Сейчас в этом стыдно признаться, но я, еще не полностью осознавший свою, граничащую с божественной, власть над этим миром, стоял полностью неподготовленный. Попытка Толика форсить события вызывала злость и раздражение, как всегда бывает, когда пытаются подтолкнуть к чему-то быстрее, чем ты успел настроиться. Но эта же злость, по спортивной привычке, побуждала к действию, видоизменяясь в стремление доказать, что для меня нет преград, и я всегда буду лучшим, при любых обстоятельствах.
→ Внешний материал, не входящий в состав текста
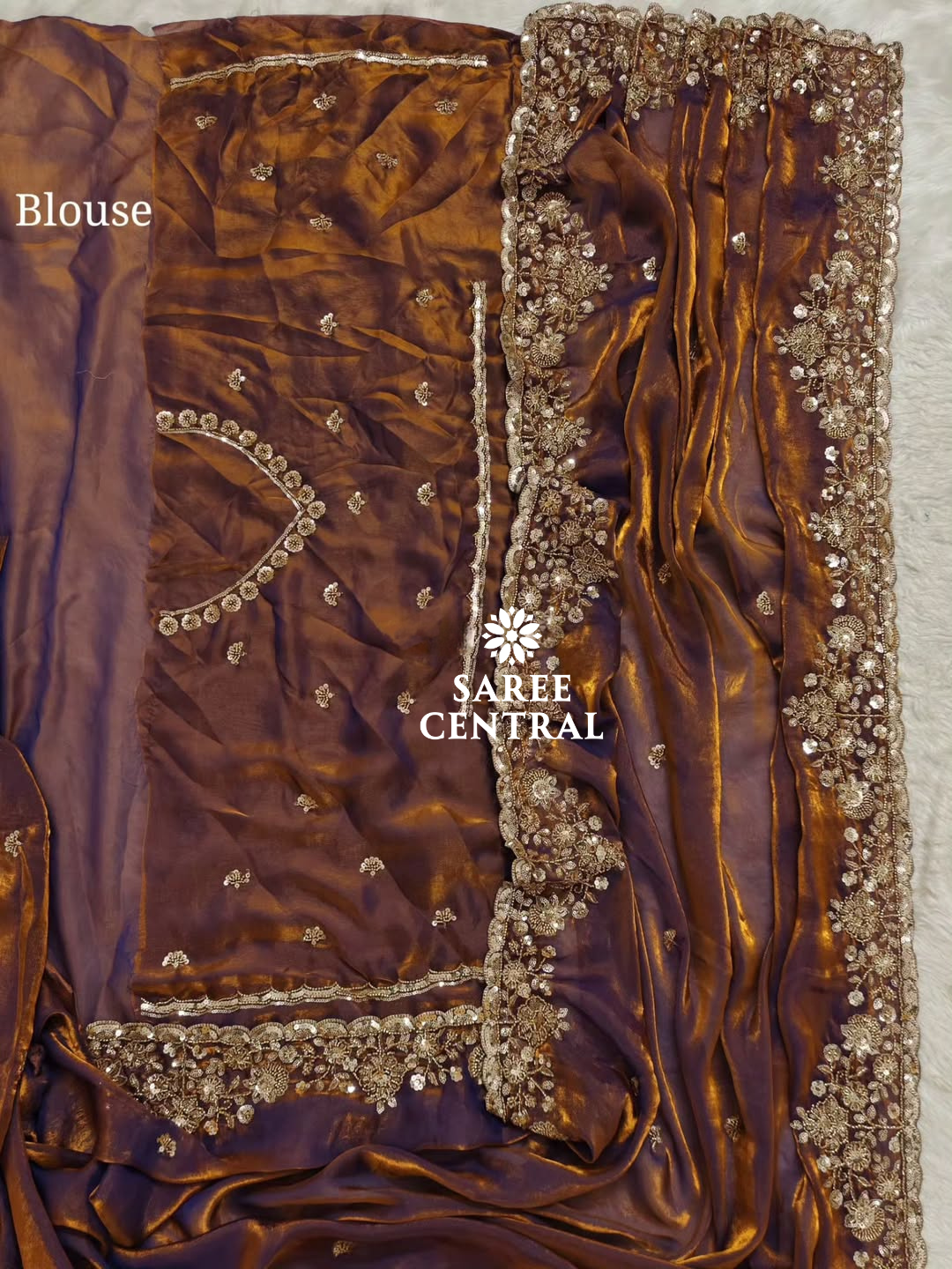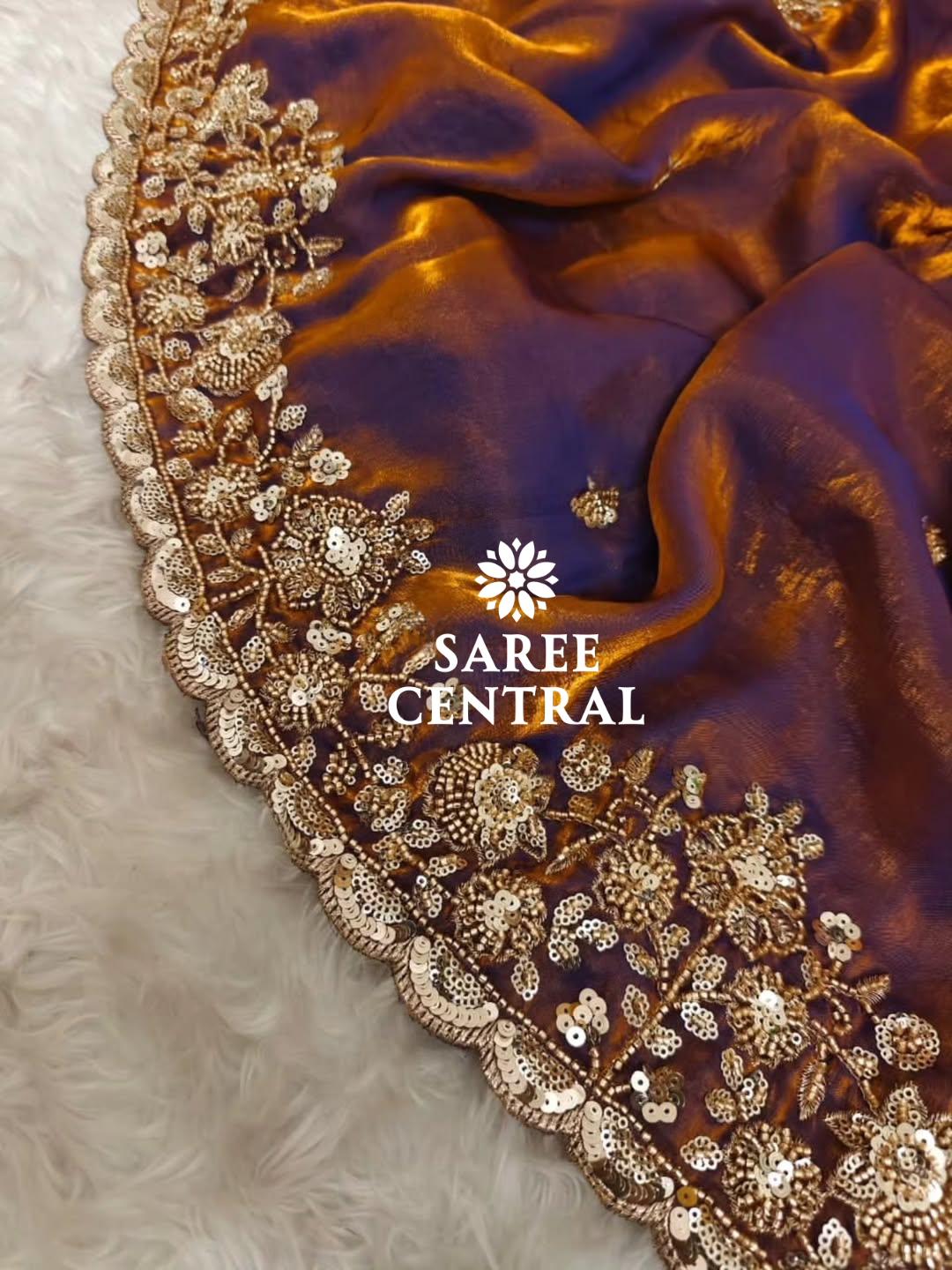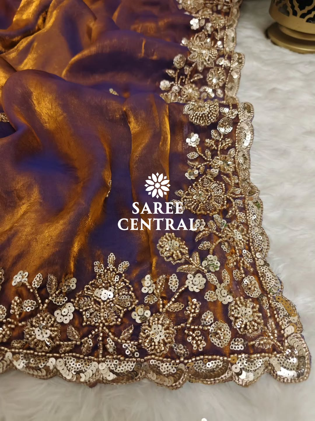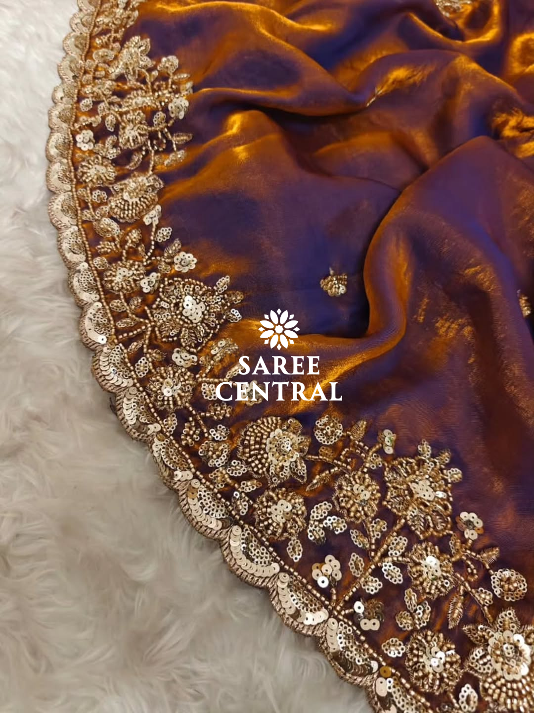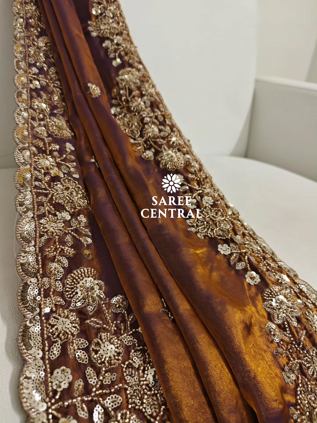 Copper Gold Cutdana Beads, Sequins Embroidered Partywear Saree (SC55521)

– Да что здесь происходит, Никита? – У Тома начиналась паника, страшные догадки атаковали разум. – Ты, мальчик, как тебя зовут? Подойди ко мне, ты ведь не обманешь?
Андрюша даже растерялся и смутился от неожиданности. Вот только Том не понимал, что в теле мальчика находится мертвый, но при этом взрослеющий юноша, в котором ничего не осталось от той детской доверчивой откровенности, на которую убитый однокурсник рассчитывал.
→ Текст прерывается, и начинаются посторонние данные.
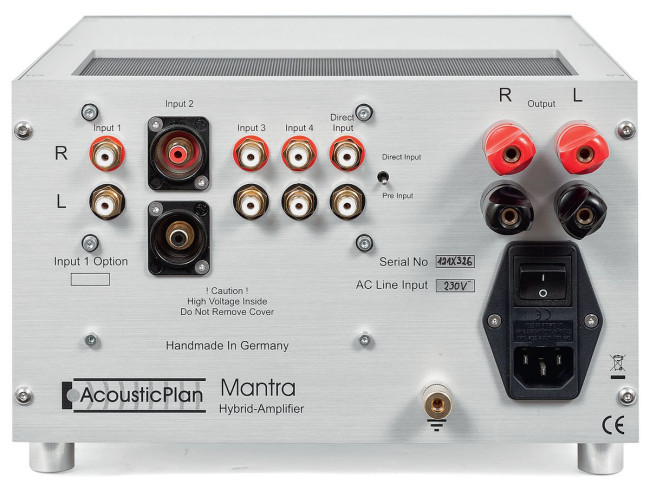 Tylna ścianka wzmacniacza Acoustic Plan Mantra jest "elastyczna". Miejsca montażowe na gniazda przygotowano w taki sposób, aby można było część z nich zastąpić innymi, instalując wewnątrz dodatkową elektronikę. O miejscu produkcji jednoznacznie świadczy napis "Handmade In Germany".
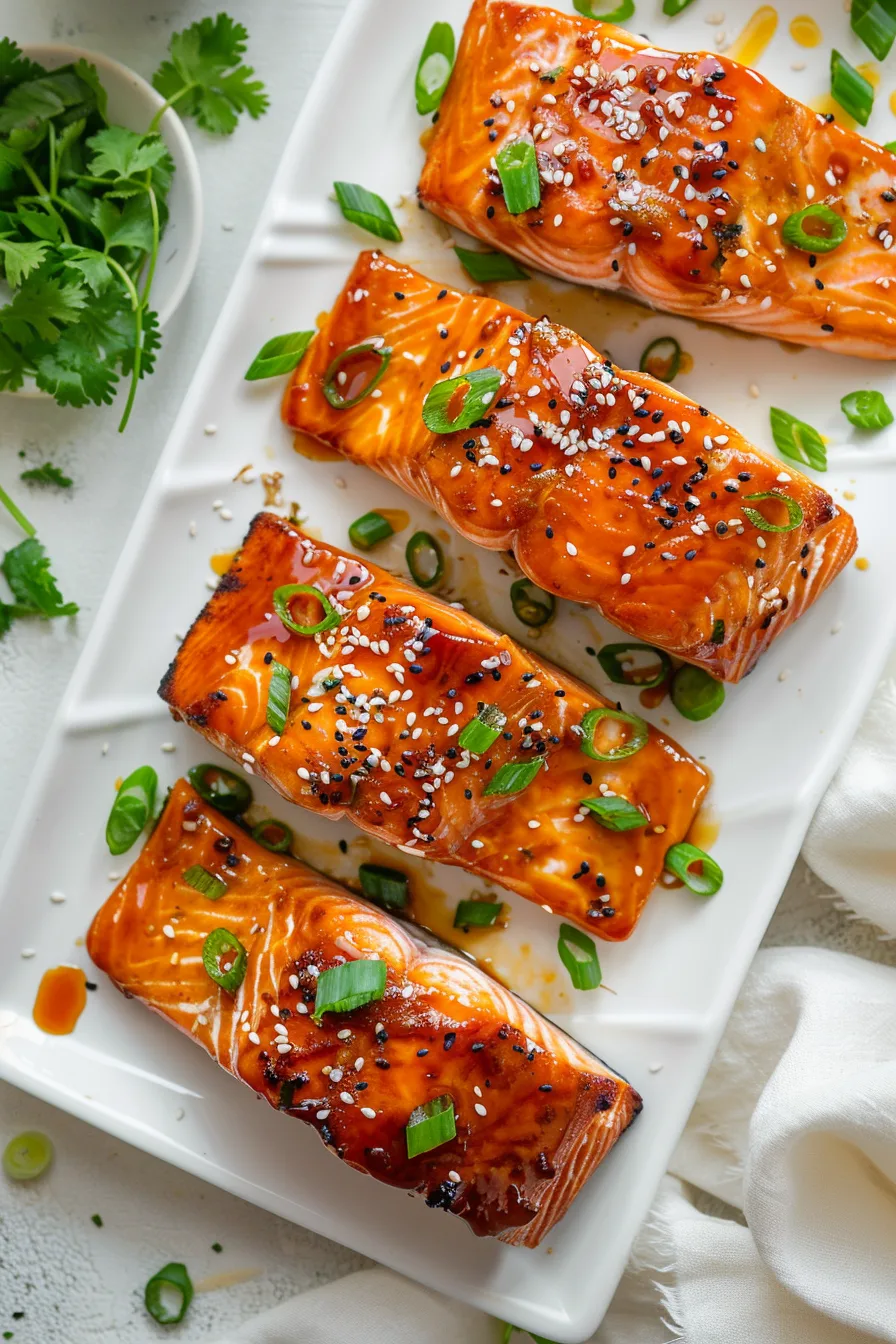 Garnish your maple glazed salmon with thinly sliced green onions for a pop of color and fresh flavor. The bright green contrasts beautifully with the rich, dark glaze.
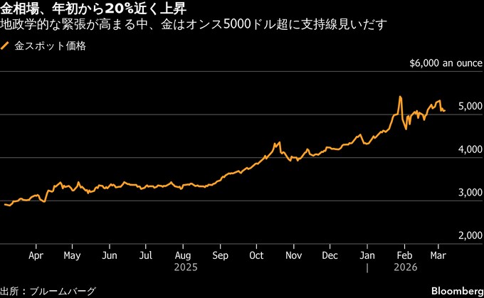 金スポット価格はニューヨーク時間午後3時27分現在、前日比72.54ドル(1.4%)高い1オンス=5154.84ドル。ニューヨーク商品取引所(COMEX)の金先物4月限は、80ドル(1.6%)上昇の5158.70ドル。
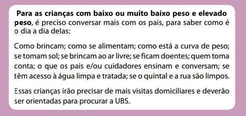 Todos esses bebês precisam ser acompanhados com mais frequência por você e pelos demais profissionais da UBS, pois geralmente precisam de cuidados especiais.

– Что же ты замер! Подойди, не бойся… – И Том сам ринулся к нему, как к своему спасению.
Андрюша действительно стоял, как вкопанный. Сберечь своего самого дорогого человека поспешил Толик, преграждая Тому путь, за что получил сильнейший толчок от девяностокилограммового тяжелоатлета.
– Мальчик! – Том тряс Андрюшу как грушу, – немедленно рассказывай, что здесь происходит! Ну же! Выкладывай всю правду и никого не бойся!
Тщетно попытавшись вырваться, Андрюша в самом деле повел себя, как маленький мальчик – он закрыл уши ладонями и замычал что-то невнятное. Толик пришел в себя и набросился на Тома: навалился ему на плечо и взял в захват шею, но озверевший однокурсник без труда стряхнул напавшего, словно тряпичную куклу, после чего нанес оглушающий удар в скулу – хорошо, что покойники не умирают дважды.
Я с восторгом и обидой заворожено наблюдал за Томом – с восторгом от его физической силы и обидой, что три дня назад он не направил весь свой потенциал против меня, а, значит, дуэль прошла нечестно…
Андрюша закричал. И почти так же громко, как в тот раз – с огненным дождем и кипящими реками. Мне показалось, что Внутренняя Рига содрогнулась от пронизанного страхом голоса, но очередного пепелища стоило бы избежать – я прекратил наблюдать и начал действовать.
Мне именно хотелось эффектности и шоу, покрасоваться перед однокурсником своей крутостью, поэтому средь чистого неба грянул гром, и молния ударила в грудь Тому.
После яркой вспышки запахло жаренным – Том лежал, чуть перебирая пальцами. Я подошел поближе. Он, обладая бессмертием и неимоверной силой воли, помноженной на отчаяние, сумел повернуть голову и посмотреть на меня, за что получил еще один разряд – мне требовалось в корне уничтожить сопротивление.
Из нас троих никто не испытывал сочувствия, ведь мы заставили себя его ненавидеть. Страх, ненависть, запах обгоревшего тела – вот что витало в разряженном воздухе. Я наклонился над Томом и без проблем нырнул в его голову.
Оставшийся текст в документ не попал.